By Nelson McCausland

Published 07/04/2016

Trade union Unite
Trade union Unite

The trade union Unite has a community section, and back in November it hit the local newspaper headlines when it organised protests outside the Sinn Fein office in west Belfast and the DUP office at Woodvale. There were also protests in Newry, Ballymoney and Londonderry.

These protests were said to be against welfare reform. Afterwards Ciaran Cunningham, a representative of Unite Community, went on BBC Radio Ulster to explain what it was all about.

However, it was then revealed that Cunningham had been convicted of gathering information for the Real IRA and had been a member of Republican Network for Unity.

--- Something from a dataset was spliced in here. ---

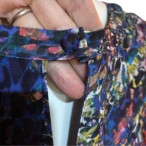 Gorgeous "stained glass" multi-color pattern with purple, black, yellow, red, white, pink, blue. Sleeveless with rounded neckline. Darted at bust and swing waistline. Keyhole front with pin tuck pleats down center. Keyhole covered-button back closure. Fully lined. Lightweight, easy care polyester; machine washable

That revelation damaged the reputation of Unite, and further damage was caused again more recently, this time in Newry.

Over the Easter weekend there were two republican commemorations in the city, reflecting the fragmentation within Irish republicanism.

The Newry 1916 Easter Commemoration Association held its event on the Sunday, with speakers such as Sinn Fein MLA Conor Murphy (below).

However, there was another commemoration on the Saturday organised by Armagh, Newry and Mourne Centenary Committee 1916.

This parade assembled at the notoriously named Raymond McCreesh Park in Newry and the participants then marched through the city to St Mary's Cemetery, where wreaths were laid at the republican plot. There were also speeches by Tommy McKearney, Pat McNamee and Davy Hyland.

Tommy McKearney was a member of the Provisional IRA in east Tyrone and a hunger striker. He was sentenced to 20 years in prison for the murder of a soldier and released in 1993 after serving 16 years of his sentence. Since then he has parted company with Sinn Fein.

Pat McNamee was a Sinn Fein MLA for Newry and Armagh from 1998 to 2003, but is now an independent republican.

Davy Hyland was a Sinn Fein MLA for Newry and Armagh and a Sinn Fein councillor on Newry and Mourne District Council, but he left the party over policing and stood as an independent republican in the 2007 Assembly election.

The advertisement for this event also highlighted a function in "John Mitchell's" (sic) Irish National Foresters club in Newry, with music and refreshments.

There is a certain irony in this, as the organisers of the 1916 commemoration view themselves as radical republican socialists, while John Mitchel was a staunch defender of slavery in the US.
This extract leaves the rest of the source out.